**Assignment:**
Reproduce, exactly and only, the lines of the data that follows from the one containing "В этом экране" down to the one containing "- TFA 31.1144.01", without pictures.

**Data records:**
- Opening Delimiter -

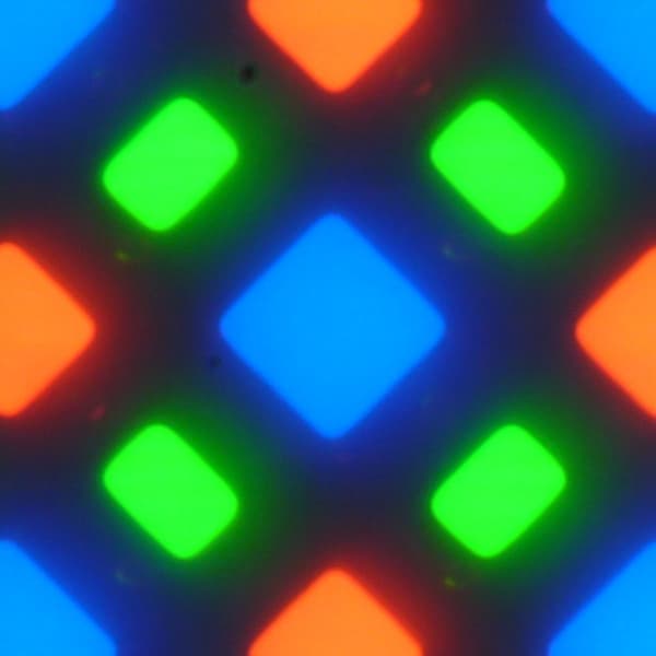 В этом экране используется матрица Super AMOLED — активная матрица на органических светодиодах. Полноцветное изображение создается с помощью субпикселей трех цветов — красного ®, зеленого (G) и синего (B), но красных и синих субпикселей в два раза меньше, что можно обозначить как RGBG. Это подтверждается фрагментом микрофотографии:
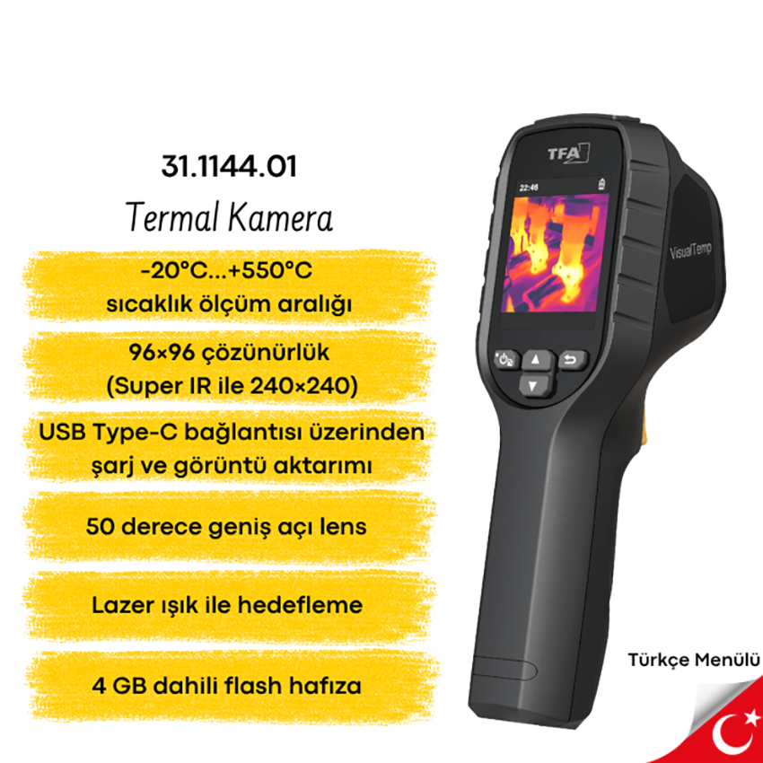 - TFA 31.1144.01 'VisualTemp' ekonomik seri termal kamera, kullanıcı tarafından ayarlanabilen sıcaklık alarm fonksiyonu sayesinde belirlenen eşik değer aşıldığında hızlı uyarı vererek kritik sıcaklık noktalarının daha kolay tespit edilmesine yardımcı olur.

- Closing Delimiter -
- Opening Delimiter -

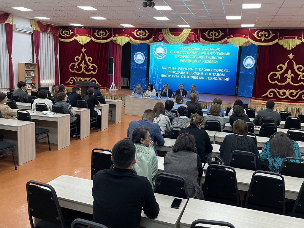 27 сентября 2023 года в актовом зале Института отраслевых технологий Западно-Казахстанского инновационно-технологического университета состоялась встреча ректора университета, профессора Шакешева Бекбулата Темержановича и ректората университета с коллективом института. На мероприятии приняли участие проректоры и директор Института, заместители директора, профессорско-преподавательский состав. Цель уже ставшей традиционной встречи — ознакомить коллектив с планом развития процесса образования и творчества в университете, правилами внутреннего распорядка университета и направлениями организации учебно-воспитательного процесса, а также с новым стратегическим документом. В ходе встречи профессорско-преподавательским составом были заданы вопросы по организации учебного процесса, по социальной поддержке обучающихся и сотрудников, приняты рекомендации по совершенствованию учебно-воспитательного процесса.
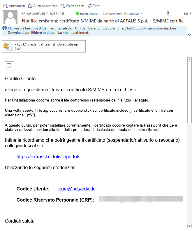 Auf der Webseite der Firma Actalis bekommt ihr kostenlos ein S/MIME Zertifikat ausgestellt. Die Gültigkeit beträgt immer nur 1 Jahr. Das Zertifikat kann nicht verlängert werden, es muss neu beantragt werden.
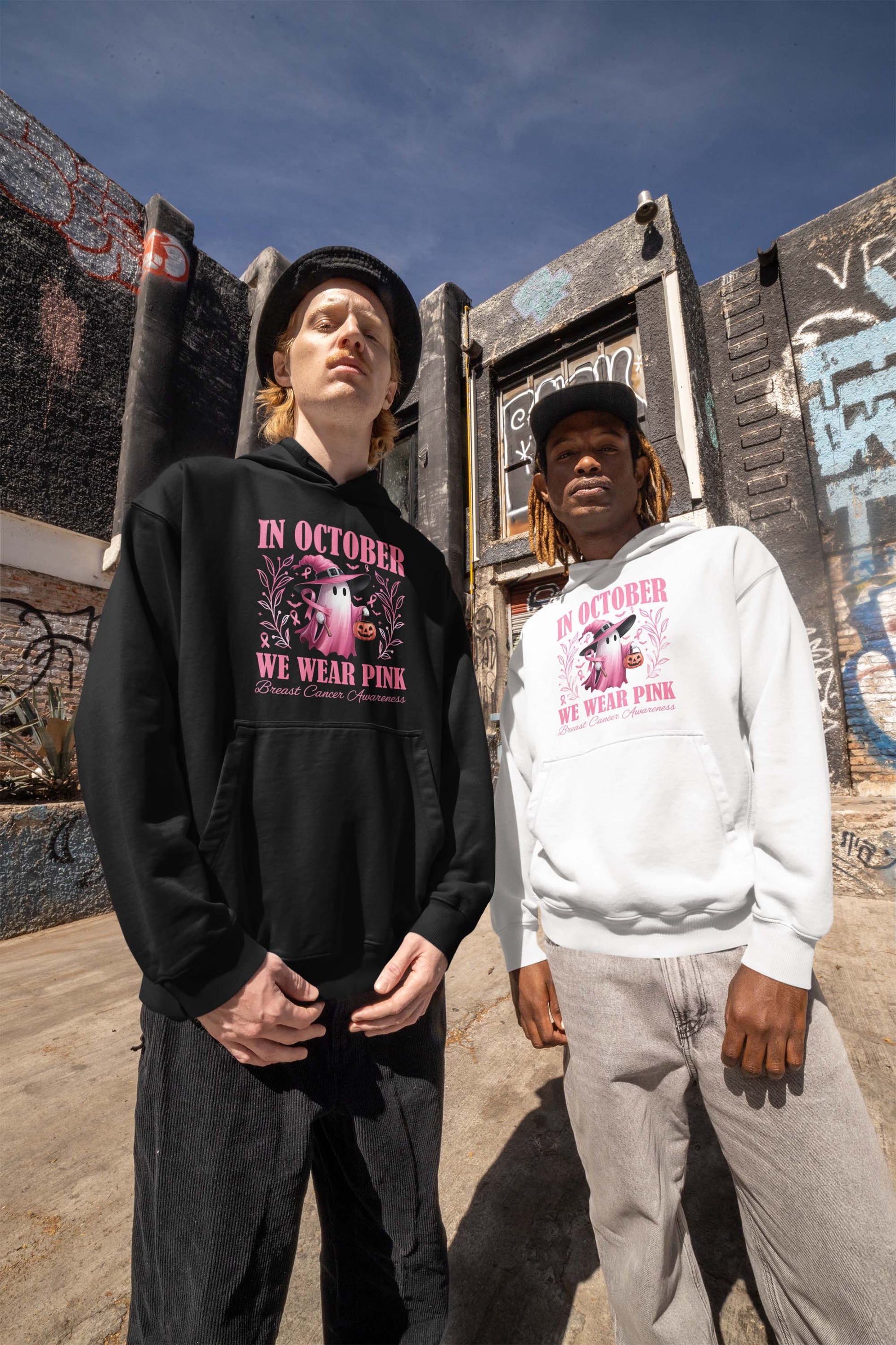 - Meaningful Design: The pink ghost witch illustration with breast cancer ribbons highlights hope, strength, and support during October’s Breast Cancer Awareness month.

- Closing Delimiter -

**Answer for this exercise:**
 В этом экране используется матрица Super AMOLED — активная матрица на органических светодиодах. Полноцветное изображение создается с помощью субпикселей трех цветов — красного ®, зеленого (G) и синего (B), но красных и синих субпикселей в два раза меньше, что можно обозначить как RGBG. Это подтверждается фрагментом микрофотографии:
 - TFA 31.1144.01 'VisualTemp' ekonomik seri termal kamera, kullanıcı tarafından ayarlanabilen sıcaklık alarm fonksiyonu sayesinde belirlenen eşik değer aşıldığında hızlı uyarı vererek kritik sıcaklık noktalarının daha kolay tespit edilmesine yardımcı olur.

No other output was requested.